CJ has played horribly in prior years whenever he got the chance. He would do one decent thing, then make 3 mistakes before getting yanked.
No. He played a prior year, singular, not years plural, and in single prior season he played 120 minutes, the equivalent of three games. He played little not because he was horrible, but because his coach was desperate to win right then, because he wanted a contract exten$ion. By doing so he put his own interests ahead of those of his players and his program and he played the price at the end of the year when Obekpa went AWOL and he no one with any experience to turn to and so threw Jones to the wolves.
Unfortunately for armchair analysts like you, basketball talent cannot be accurately described by pouring over statistics as you most often do.
Players get playing times based on how they perform in games. Players who do not play much in games get playing time by how they perform in practice. Practice stats do not show up online, where you get most of your information, and as was pointed out to you, even Jones' freshman stats were not online.
You cannot simply compare statistics and determine who can play and who can't. There are big men who score mostly on putbacks and dunks who are horrible shooters, yet you would cite high shooting percentage.
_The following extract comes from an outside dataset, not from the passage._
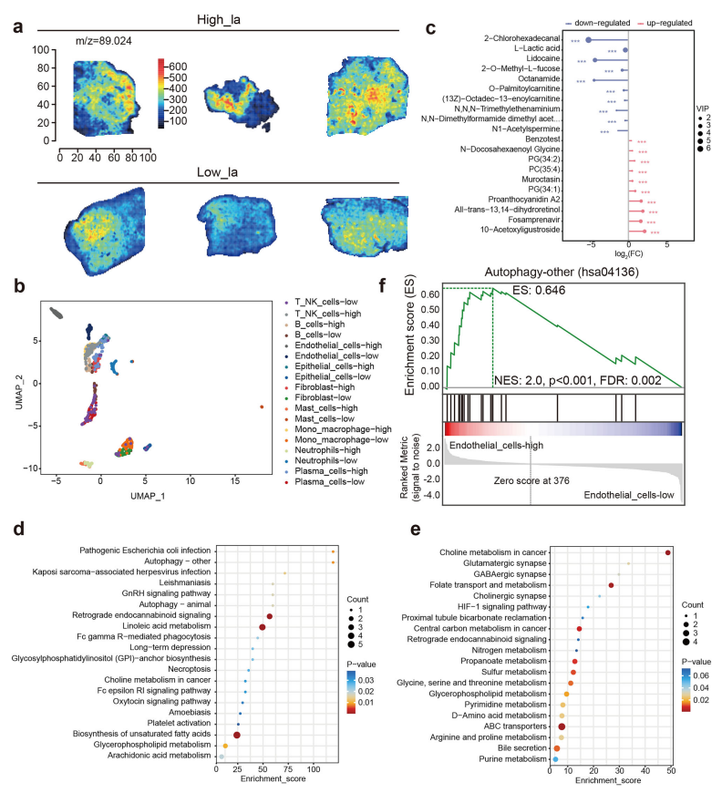 代谢成像分析确认高乳酸组整体乳酸水平显著高于低乳酸组,且乳酸分布呈现明显的空间梯度。有趣的是,尽管高乳酸组中多数细胞类型乳酸含量升高,内皮细胞却表现出较低的乳酸积累,提示其具有独特的代谢表型。丙酮酸分析进一步揭示,低乳酸组整体丙酮酸水平较高,而高乳酸组中免疫细胞和上皮细胞的丙酮酸含量下降,成纤维细胞则呈现升高趋势,反映不同细胞类型在乳酸压力下采取差异化的代谢策略。内皮细胞特异性代谢谱分析发现,高乳酸条件下自噬相关代谢物上调,而胆碱代谢和突触相关代谢物下调,提示内皮细胞通过激活自噬和调整脂代谢适应乳酸富集环境(图7)。

Statistics don't show how often a player was burned on defense, or out of rebounding position or failed to box out. On poor teams, lesser players put up better numbers because frankly, someone has to score. This doesn't always mean they are improved, just that they are on the court more because of a paucity of talent.
While statistics mean something in basketball, they hardly mean everything.
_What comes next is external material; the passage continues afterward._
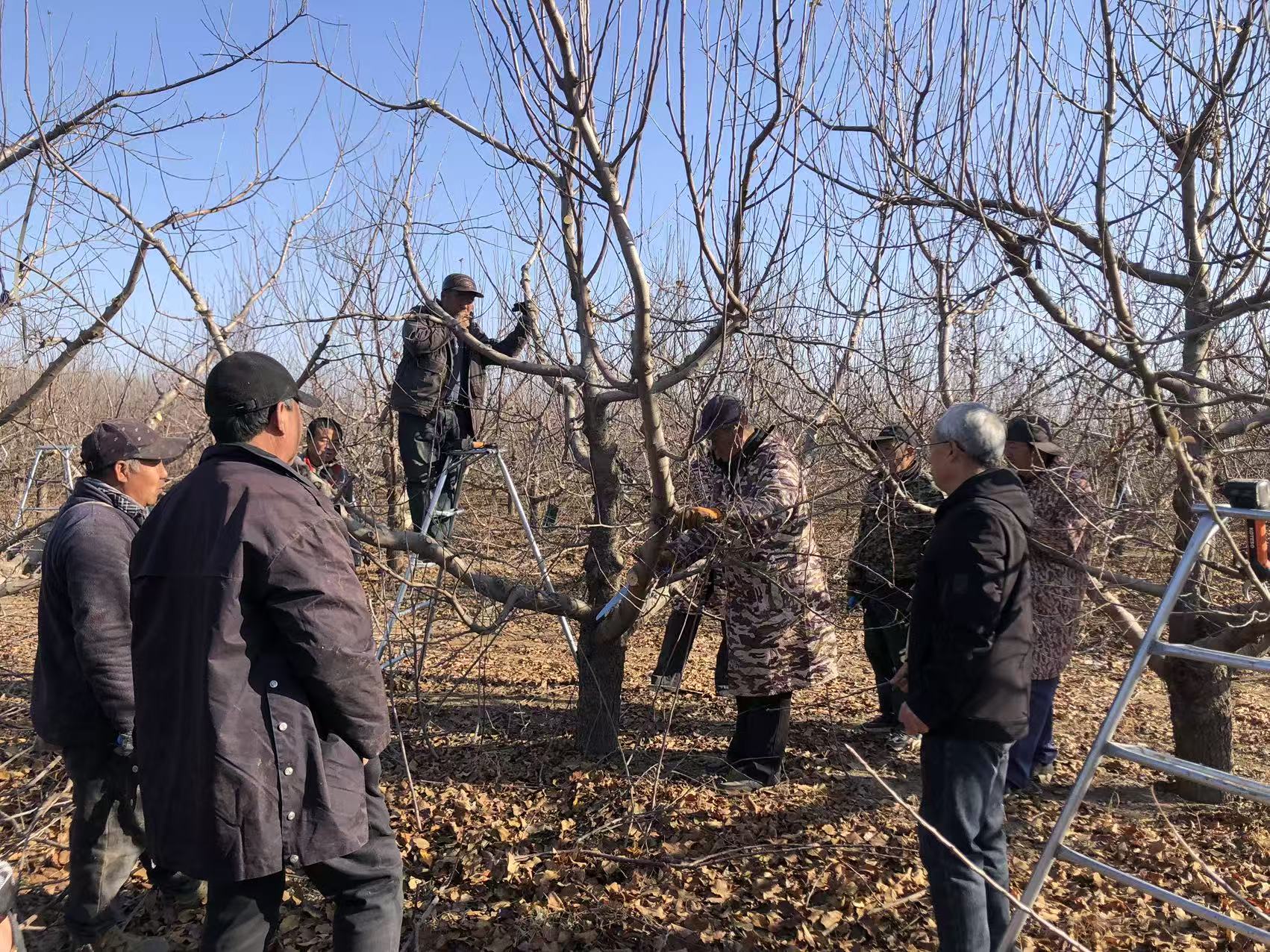 1月7日,为夯实来年果业丰产增收基础,林果研究所正高级林业工程师王俊山带领团队成员姜磊高级工程师、刘晓东农艺师等来到大城县双杠果园指导苹果树、李树等整形修剪工作。

Based on what Scottie Pippen put up while playing alongside Jordan, he (and everyone else) assumed that with Jordan retired, Pippen would ascend to superstardom - instead he kind of wilted, and the Bulls redacted to more of a .500 team.
You can project all you want about Jones improvement against grade B competition by citing stats, and you can continue bashing Lavin, but as a big bodied forward if Jones was capable, they really could have used a bruising forward to get them into the NCAAs and beyond.
I will repeat - all I am saying about Jones this season is let's see what he does during the league schedule and how SJU does, before proclaiming anything. Certainly him contributing what he's done so far is a revelation to some, but until he does it with consistency in the Big East, his benching last season may be justified.